Designing the Invisible

At the start of 2024, IBM Cloud’s cross-functional Infrastructure Compute and Networking teams began developing a client facing supercomputing platform to integrate into our existing Virtual Private Cloud portfolio. This project progressed from concept to General Availability within eight months, from March to November of 2024, requiring rapid, iterative design and development.

As the sole Product Designer, I translated highly technical architectures and ideas into a client-facing UI. The design enables seamless AI cluster configuration, management, and monitoring while meeting technical and client requirements.
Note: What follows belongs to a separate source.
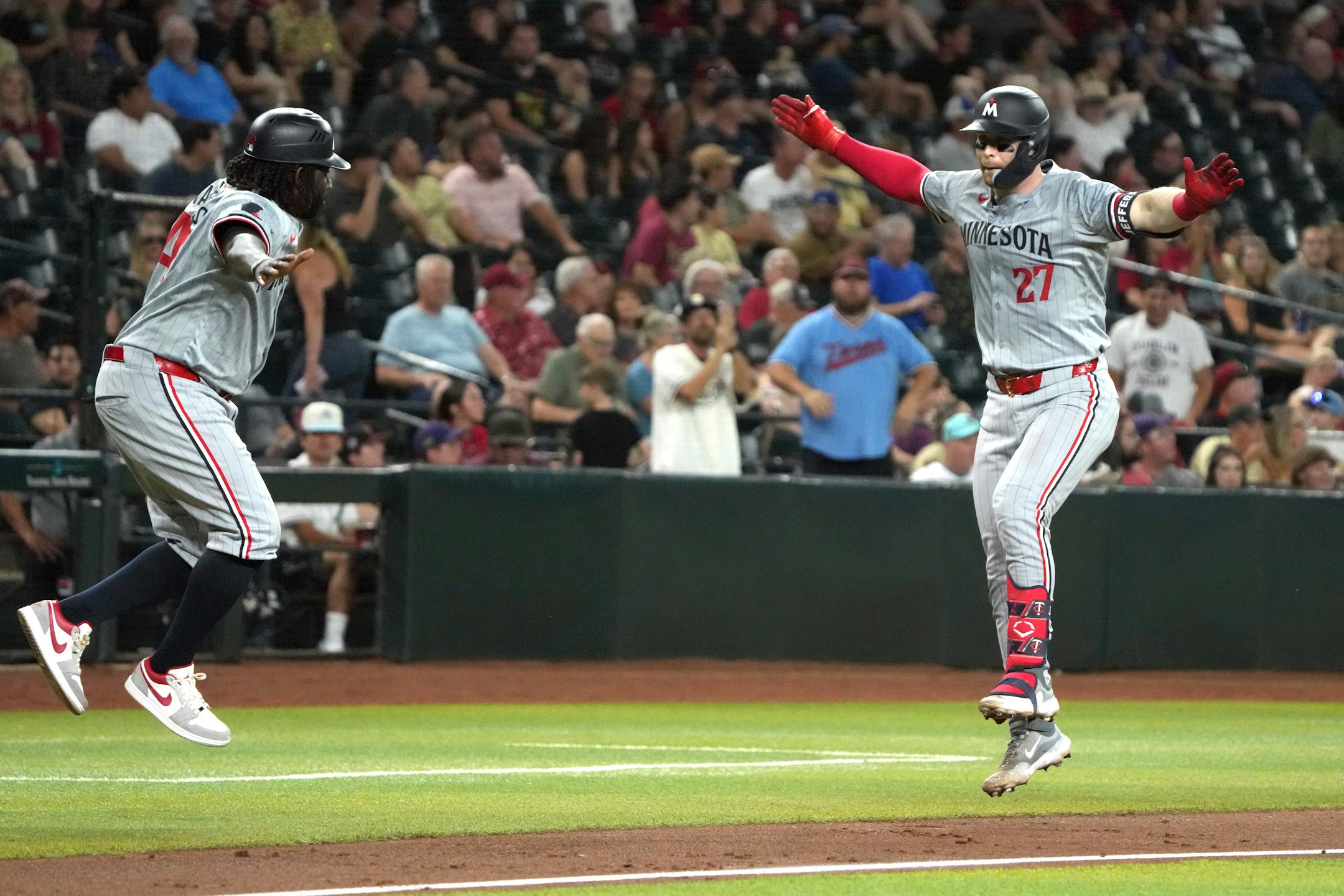 In the top of the seventh inning, D-backs starter Brandon Pfaadt issued a five-pitch walk and saw Buxton reach on an infield single, a hard-hit ground ball that Perdomo couldn’t handle at shortstop. One pitch after Buxton’s single, Jeffers lofted a three-run homer over the left field wall, just beyond Gurriel’s outstretched glove.

To deliver an accurate set of designs, I worked with and led the collaboration between engineering, API, architecture, research and product teams.

‍

Rethinking Established Networking Paradigms

Introducing a dedicated back-end infrastructure for AI workloads was a challenge that demanded a united effort, led with innovation. Prior to Vela 2, IBM Cloud was built to exclusively support general purpose cloud traffic. Enterprise e-commerce platforms rely on our infrastructure to handle North-South traffic (end-user requests to browse and purchase products), Burst traffic (high demand during peak hours), Latency-Sensitive traffic (real time payment processing and inventory updates), and many more types of traffic all at once. In consumer facing generative AI use cases, this is how you send an inquiry and receive a response. This design works well for unpredictable, high entropy traffic, but isn’t optimized for any single use case.
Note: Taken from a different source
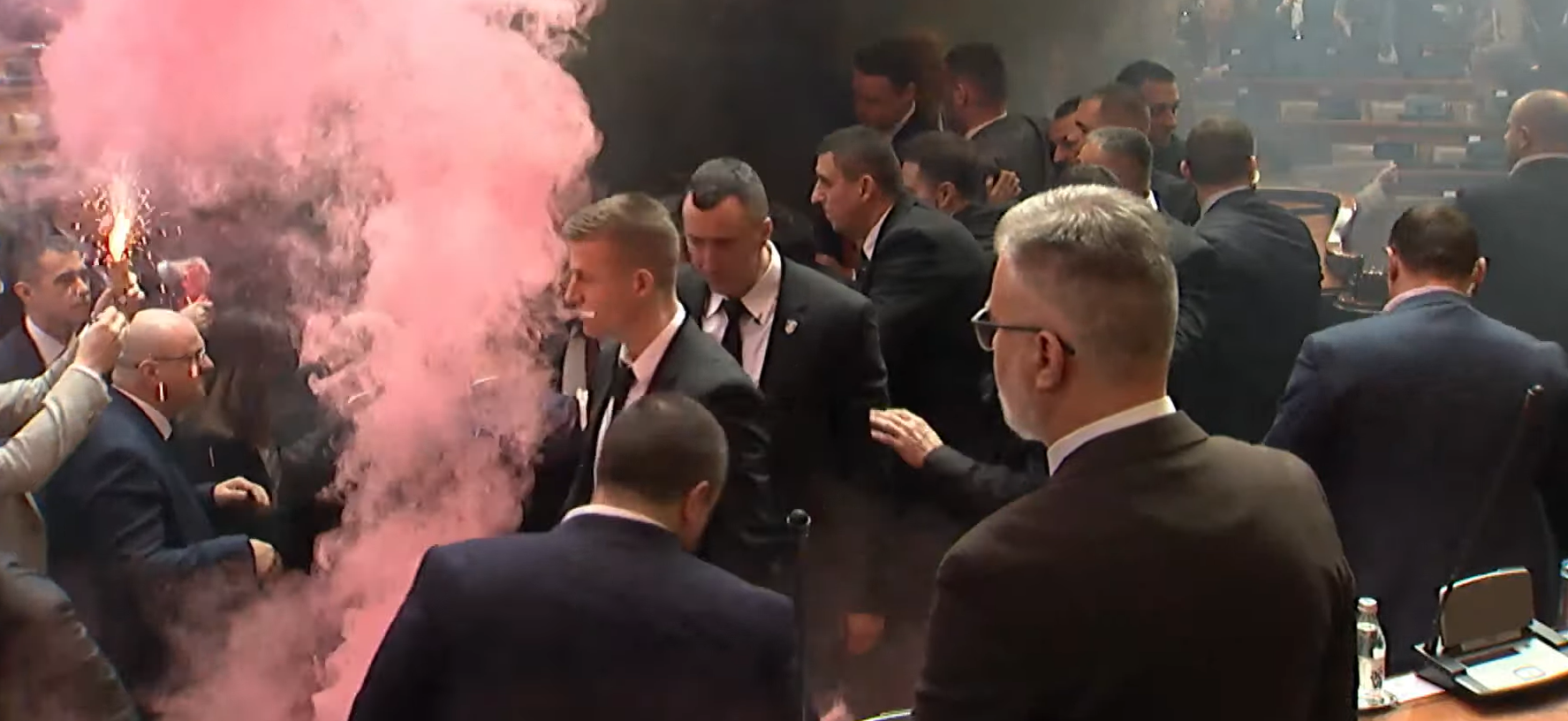 U saopštenju se navodi i da je „naloženo da se utvrdi identitet lica koja su bacala različite predmete i time nanela povrede narodnim poslanicima“.

*Data traffic flowing between the four nodes of a cluster, 2x multiplex (two paths per 8 AI accelerators).*

AI workloads are fundamentally different. Training and fine tuning models generate structured, low entropy traffic dependent on High Bandwidth and East-West communication (direct, robust traffic between GPUs within one cluster). This required a purpose built network infrastructure to handle these unique patterns at scale without interfering with any, well established cloud traffic. With Vela 2, we designed and implemented a dedicated network for AI traffic, then integrated it into our existing cloud ecosystem.

‍

From Single Nodes to Inferencing Clusters

The experience of Vela 2 UI is organized within two main Virtual Private Cloud infrastructure pillars:
Virtual Server Instances is where users set up and deploy each server with accelerated GPUs. We call this a node. Cluster Networks are the new top level resource we created to support bi-directional networking with nods grouped into a unified cluster. With cluster networks, or AI clusters, servers work cohesively with each other and with the user’s existing Cloud deployments.

*Service stack across Compute and Network infrastructure pillars*

Because Vela 2 serves as the infrastructure for an institution’s generative AI platform, it supports a spectrum of prospective users, each interacting with different services across the entire system. Focusing on their diverse use cases, I designed the UI to include a streamlined “one-click” deployment for quick setup, as well as advanced options for detailed customization as needed. Three primary pages guide clients through setup and management:
‍List View offers users a high-level overview of their clusters, and understand how they fit in with other cloud deployments. We provide them with essential statuses at first glance, and a way to view more details as needed.
Provisioning is where users configure each node, their housing cluster, and any supporting deployments. I designed quick setup templates for clients who want a plug-and-play experience, while also providing options for those who want full control to dive into each setting and customize their deployments.
Details is a hub for users to view in-depth details of each resource after node and cluster deployments. This offers a centralized portal for clients to monitor and adjust each configuration as needed.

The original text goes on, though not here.